Mental Health and Addictions Minister Judy Darcy says staff at the Overdose Emergency Response Centre at Vancouver General Hospital will work with five new regional response and community action teams to deliver tailored services.

Darcy says that could mean linking people who end up at emergency departments with overdose prevention sites, setting them up with housing or providing culturally appropriate services for those who are Indigenous.

The minister says she is working with various mayors to determine what services their communities need, such as distribution of naloxone, a drug that reverses overdoses.
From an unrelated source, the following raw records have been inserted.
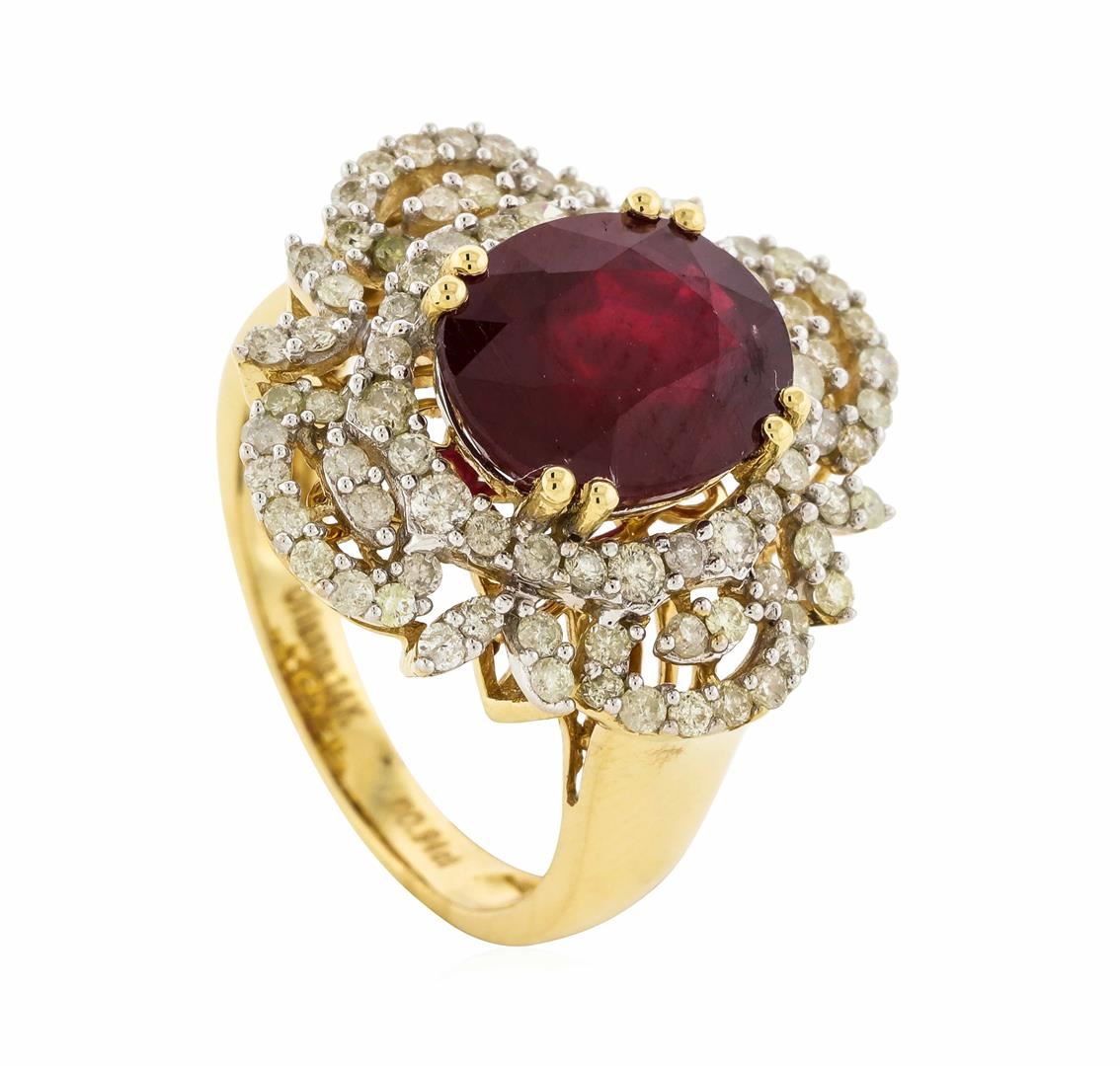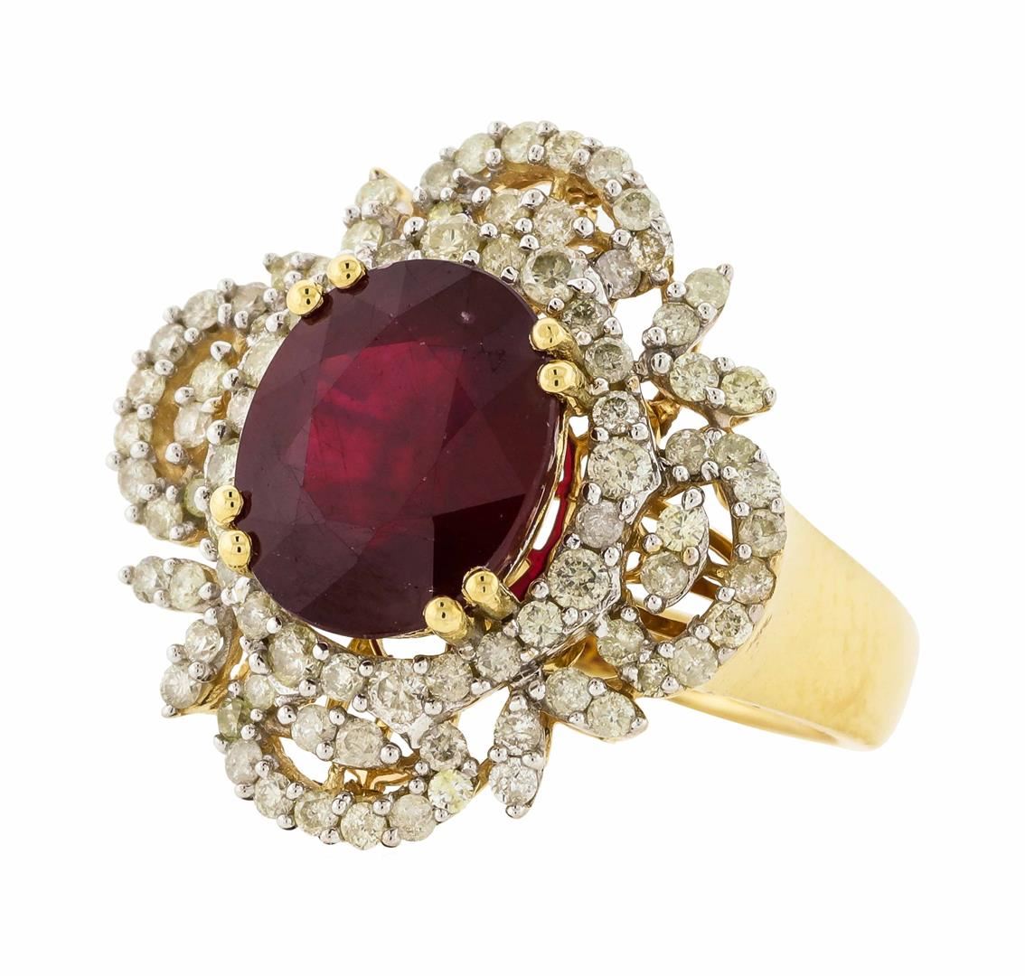 One electronically tested 14KT yellow gold ladies cast ruby and diamond ring. The featured ruby is set within a stylized diamond floret bezel supported by tapering shoulders, completed by a two and one-half millimeter wide band. Bright polish finish with rhodium accents. Trademark is Orianne. Identified with markings of "14K". Condition is new, good workmanship. Containing: One prong set oval mixed cut natural ruby, measuring 10.85 x 9.00 x 5.65mm, 6%. bulge factor, approximate weight of 5.00ct., clarity is heavily included, type II, dark, very slightly brownish, slightly purplish red color, (GIA slpR 7/3), cut is good. Transmitting light somewhat diffusely, transparent to translucent. Naturally occurring internal & external characteristics are present. Indications of laboratory high temperature heat treatment, with glass & flux additives. Graded in the setting. Ruby has a low tolerance to rhodium plating, repolishing the surface, & ultrasonic cleaning. Eighty-Four prong set round brilliant cut diamonds approximate total weight of 84 Stones = 0.94ct. The color grade reflects the entire range of color for this group. Graded in the setting. Clarity: I-1 to I-3. Color: H - K. Total Weight of Colored Stones 5.00ct. Total Weight of Diamonds 0.94ct. Total Weight of Ring 6.20gm. AIG Appraised.
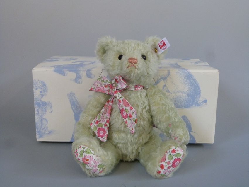 Steiff Teddy Bear Fleur with light green mohair, jointed limbs, floral pads and Liberty bow, UK, Ireland & Asia limited edition 126/1500, 26cm tall, with box and certificate of authenticity
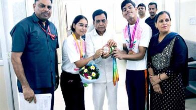 उप मुख्यमंत्री देवड़ा से मिले नेशनल चैम्पियनशिप विजेता आर्म रेसलर भाई-बहन रोहित और खुशी
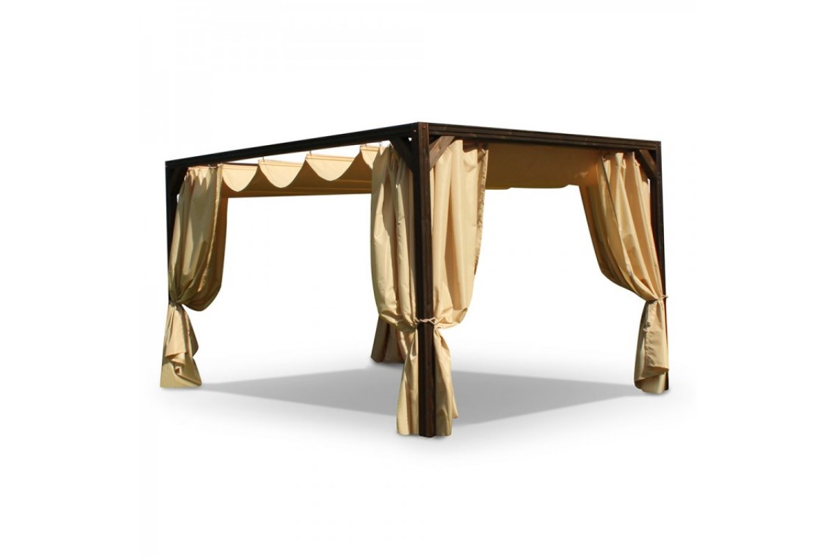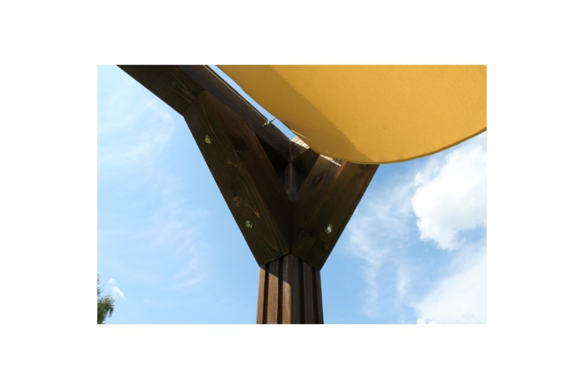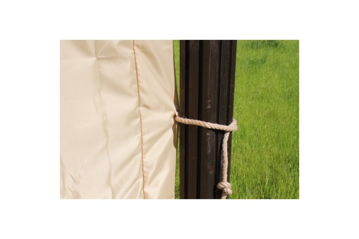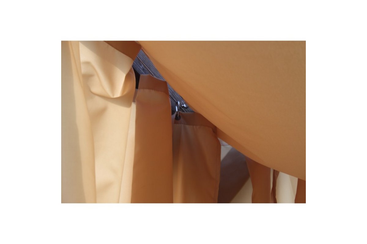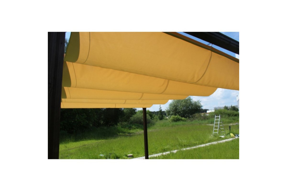 Крыша беседки: крыша-тент из материала Оксфорд 600 с водоотталкивающей пропиткой (3000). Крыша раздвижная, регулируется тросом и фиксируется яхеным кнехтом из нержавеющей стали.
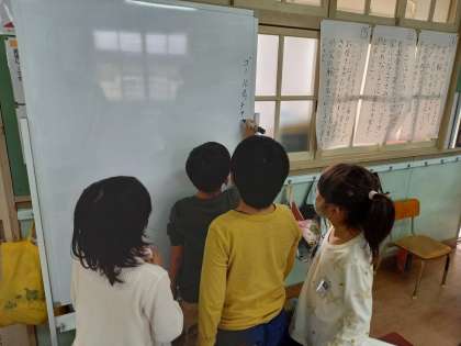各グループにホワイトボードを設置し、1人1人が書いた内容をもとに、「パラリンピックの水泳競技は…」について、60字以内でまとめる練習をしました。

Dr. Patricia Daly, chief medical health officer for Vancouver Coastal Health, will lead the centre and says data will be collected regularly so health experts are not waiting for statistics that are released every few months by the coroners service.

John Hedican says he wishes the Overdose Emergency Response Centre was around before his 26-year-old Ryan died from a fentanyl-laced heroin overdose.

“He was found unresponsive at his worksite during his lunch break,” he says. “While Ryan chose to try alcohol and later, drugs, he did not choose to be addicted to them. And our whole family experienced the horrendous lack of support this disease receives.”

“It was solely up to us to try and find help and pay for private recovery at two different facilities. Our system did very little to support a disease that affects more people than cancer,” he adds.

Money for the centre is coming from $322 million worth of funding promised by the provincial government in September under the new ministry of Mental Health and Addictions.

So far this year, more than 1,100 fatal overdoses have been recorded in BC.